Deux mois de discussions
Après plus de deux mois de discussions infructueuses entre les diverses forces politiques à l’issue des législatives du 4 mars, remportées par le M5S et la Ligue, le président Sergio Mattarella, en désespoir de cause, s’était prononcé en faveur d’un gouvernement « neutre », censé représenter le pays et tenir ses engagements internationaux jusqu’à la fin de l’année.

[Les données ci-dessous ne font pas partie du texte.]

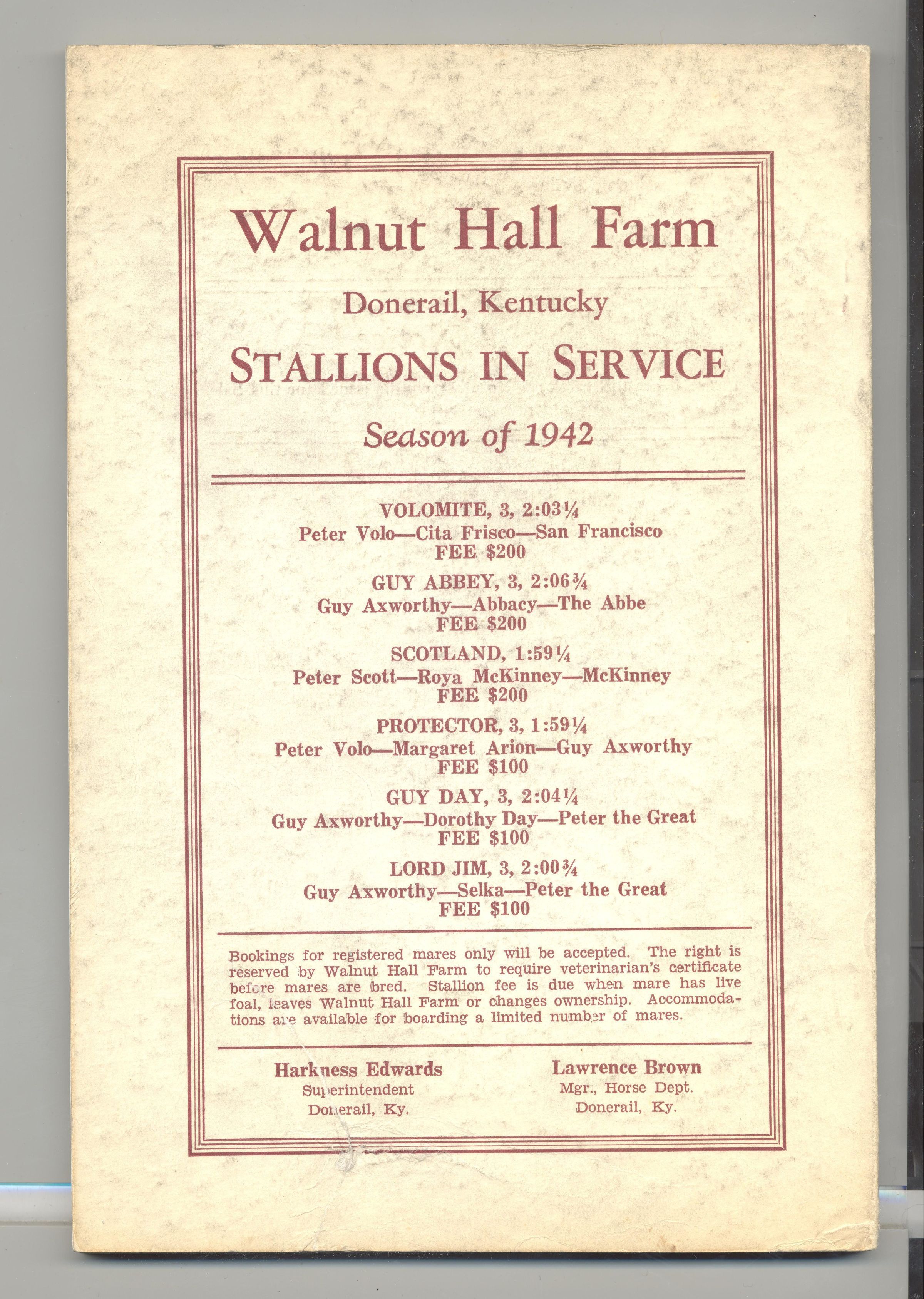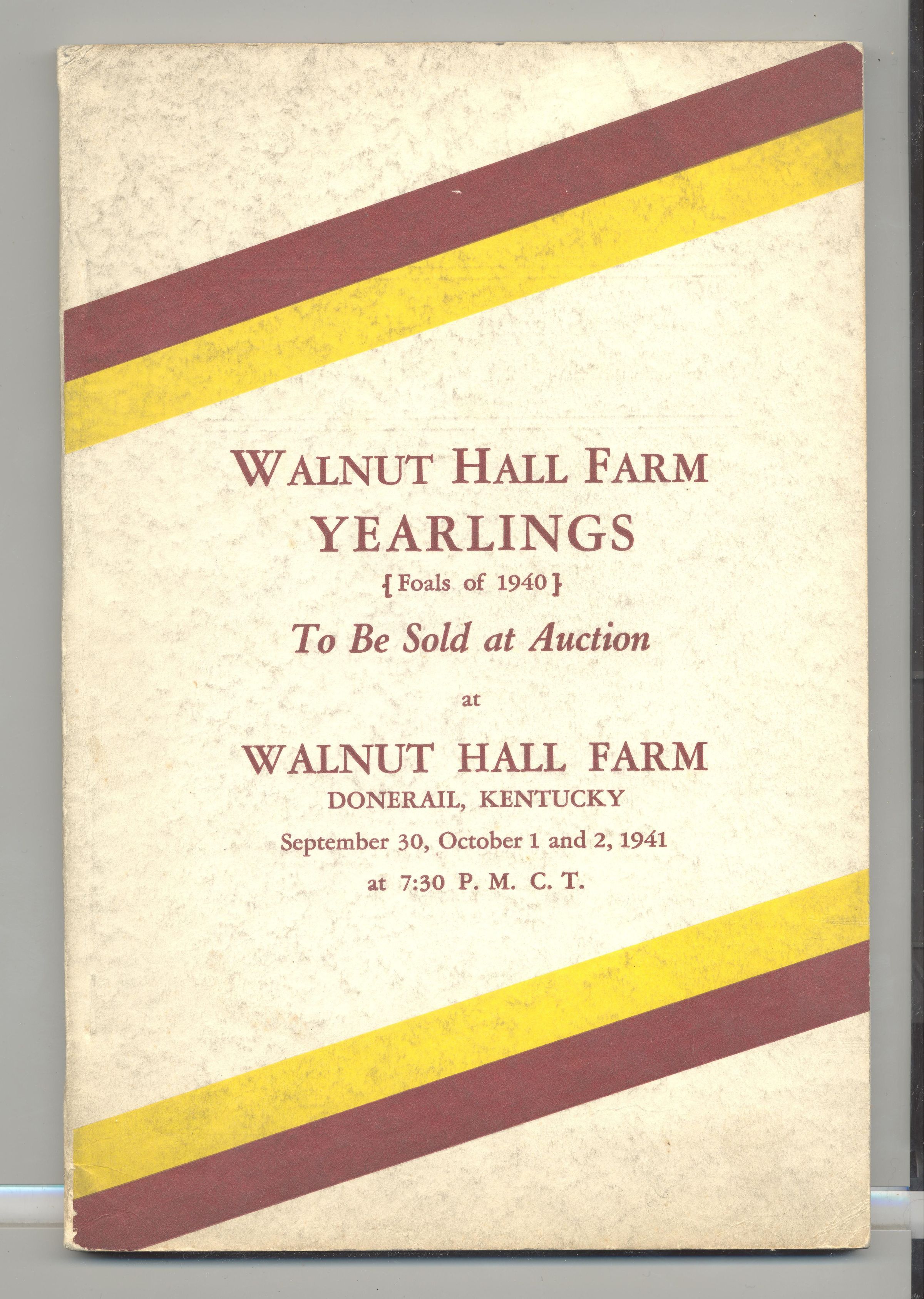CAT, HORSE, 1941, KY. WALNUT HALL FARM YEARLINGS, FOALS OF 1940. KENTUCKY SALE CO. PRICES WRITTEN, 110 PP. 6" X 9"Created By
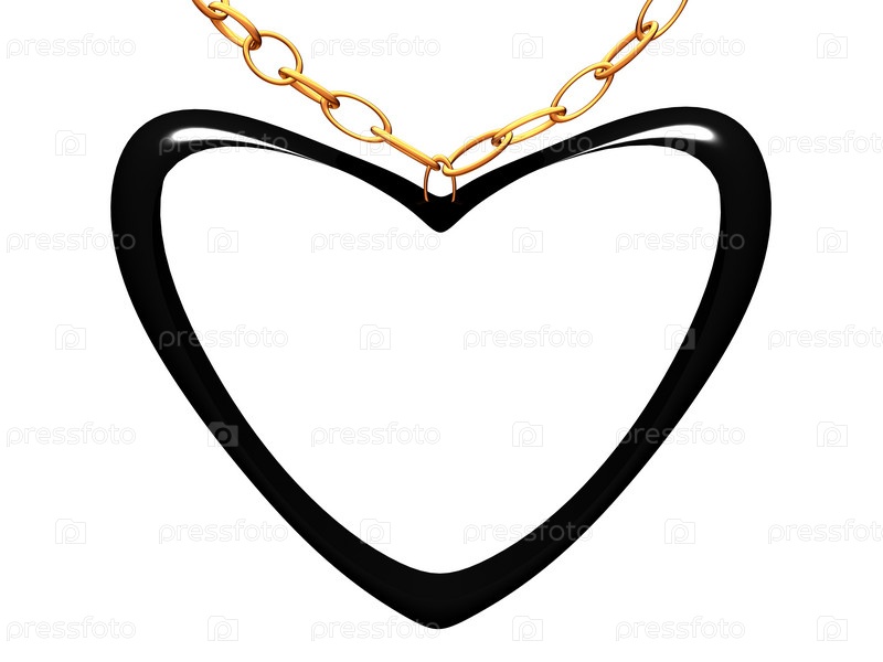 Черный кулон в виде сердца на золотой цепочке на белом фоне
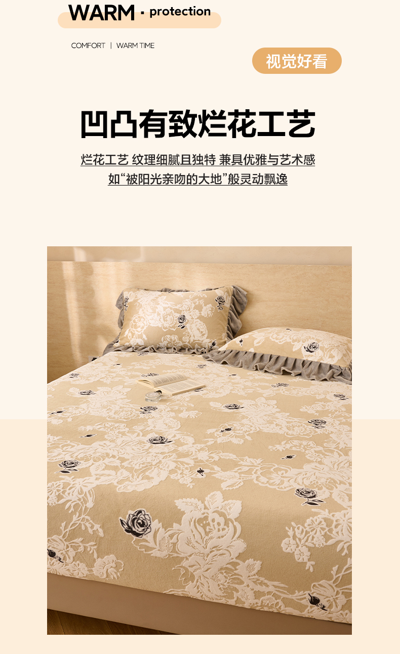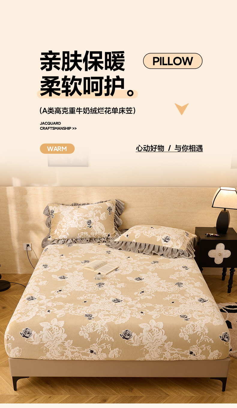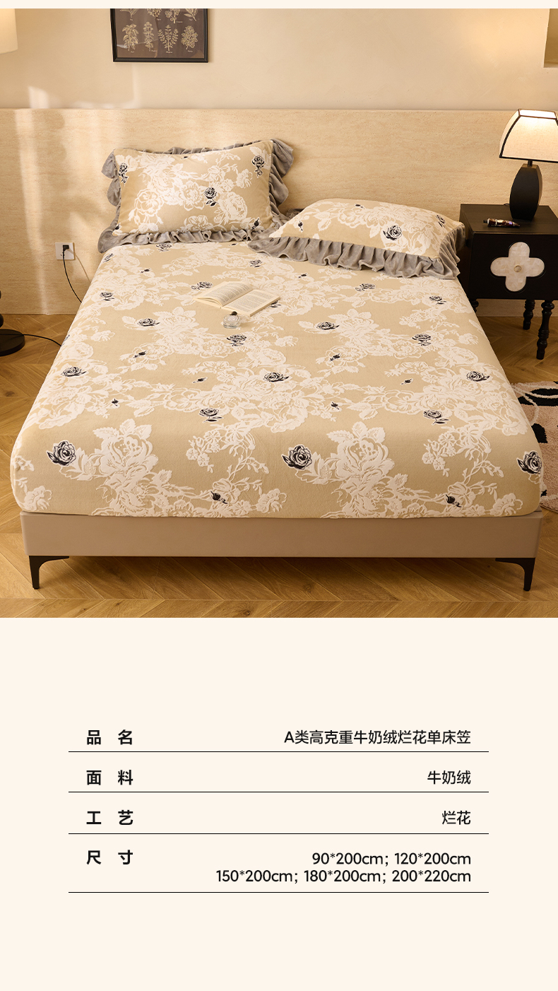 • 91家纺网 家纺一手货源 找家纺 早晨家纺 2025新款高克重牛奶绒烂花单床笠 雅庭花叙
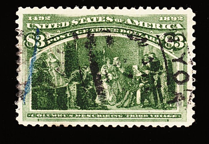 279 O 243a image#243a, $3.00 Columbian, the olive green shade, an extraordinary quality used example which possesses tremendous eye appeal, boasting uncharacteristically large margins and being wonderfully well centered within them, deep luxuriant color and impression on fresh paper (couple of very light offset lines on reverse from original cover), very light cancel confined to top right corner, extremely fine; a terribly challenging stamp to find so choice used; 1990 PF certificate. (Image) 1,000.00
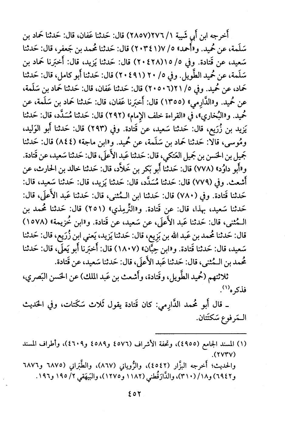 وفي (٢٩٣) قال: حدثنا أَبو الوليد، وموسى، قالا: حدثنا حماد بن سلمة، عن حميد. و «ابن ماجة» (٨٤٤) قال: حدثنا جميل بن الحسن بن جميل العتكي، قال: حدثنا عبد الأعلى، قال: حدثنا سعيد، عن قتادة. و «أَبو داود» (٧٧٨) قال: حدثنا أَبو بكر بن خلاد، قال: حدثنا خالد بن الحارث، عن أشعث. وفي (٧٧٩) قال: حدثنا مُسدد، قال: حدثنا يزيد، قال: حدثنا سعيد، قال: حدثنا قتادة. وفي (٧٨٠) قال: حدثنا ابن المثنى، قال: حدثنا عبد الأعلى، قال: حدثنا سعيد، بهذا، قال: عن قتادة. و «التِّرمِذي» (٢٥١) قال: حدثنا محمد بن المثنى، قال: حدثنا عبد الأعلى، عن سعيد، عن قتادة. و «ابن خزيمة» (١٥٧٨) قال: حدثنا محمد بن عبد الله بن بزيع، قال: حدثنا يزيد، يعني ابن زُريع، قال: حدثنا سعيد، قال: حدثنا قتادة. و «ابن حِبَّان» (١٨٠٧) قال: أخبرنا أَبو يَعلى، قال: حدثنا محمد بن المثنى، قال: حدثنا عبد الأعلى، قال: حدثنا سعيد، عن قتادة.

Une initiative aussitôt rejetée par la Ligue et le M5S, qui ont obtenu un délai supplémentaire pour pousser leurs discussions en cours sur un possible accord de gouvernement.

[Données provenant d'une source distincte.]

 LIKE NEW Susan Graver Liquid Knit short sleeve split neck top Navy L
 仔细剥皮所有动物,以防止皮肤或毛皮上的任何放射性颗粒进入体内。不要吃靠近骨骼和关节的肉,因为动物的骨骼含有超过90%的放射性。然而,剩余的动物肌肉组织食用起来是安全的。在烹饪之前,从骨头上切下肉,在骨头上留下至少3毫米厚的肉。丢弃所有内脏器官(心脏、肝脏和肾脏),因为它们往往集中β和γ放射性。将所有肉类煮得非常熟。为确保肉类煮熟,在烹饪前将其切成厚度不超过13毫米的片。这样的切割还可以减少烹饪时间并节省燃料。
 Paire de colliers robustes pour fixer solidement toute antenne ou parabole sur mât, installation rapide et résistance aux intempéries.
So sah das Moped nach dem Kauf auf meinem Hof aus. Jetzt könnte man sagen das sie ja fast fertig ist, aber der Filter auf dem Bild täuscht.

Ensemble, les deux formations disposent d’une majorité de sept voix au Sénat et de trente-deux voix à la Chambre des députés, et elles pourraient bénéficier au coup par coup du soutien actif ou au moins d’une abstention bienveillante des partenaires de la coalition de droite, dont Forza Italia.
Les divergences semblent importantes entre la Ligue – formation nationaliste proche du Front national français –, qui a fait le plein des voix au Nord sur la promesse de baisses drastiques d’impôts, et le M5S, plus ambivalent sur l’Union européenne et plébiscité par le Sud pour avoir promis un revenu de citoyenneté.
Mais outre l’ambition de leurs jeunes dirigeants, les deux partis ont en commun un rejet des forces politiques traditionnelles et des promesses voisines en matière de retraites, de lutte contre l’immigration ou de moralisation de la vie politique.

        Lire :
         

          La Ligue et les 5 étoiles tentent de s’entendre, l’Italie retient son souffle



« Un politique, non un technicien »
A l’issue d’une nouvelle journée de tractations, à Milan, avec son homologue d’extrême droite, Matteo Salvini, et leurs principaux lieutenants, M. Di Maio a indiqué que le premier ministre choisi serait « un politique et non un technicien ». Les deux hommes doivent se voir à nouveau lundi à Rome, avant d’être reçus au Quirinal, le palais présidentiel.
Selon les médias italiens, le candidat proposé pour diriger la troisième économie de la zone euro serait une « tierce personne » n’appartenant ni à la Ligue ni au M5S. Il devra aussi faire autorité au plan international et être en mesure de rendre compatible avec Bruxelles la tonalité eurosceptique du futur exécutif.
Quelque 70 jours après les législatives qui n’ont pas permis d’aboutir à une majorité claire au Parlement, les deux partis protestataires auraient trouvé des points de convergences sur une vingtaine de sujets examinés, allant de l’âge de départ à la retraite à la « flat tax » en passant par l’immigration.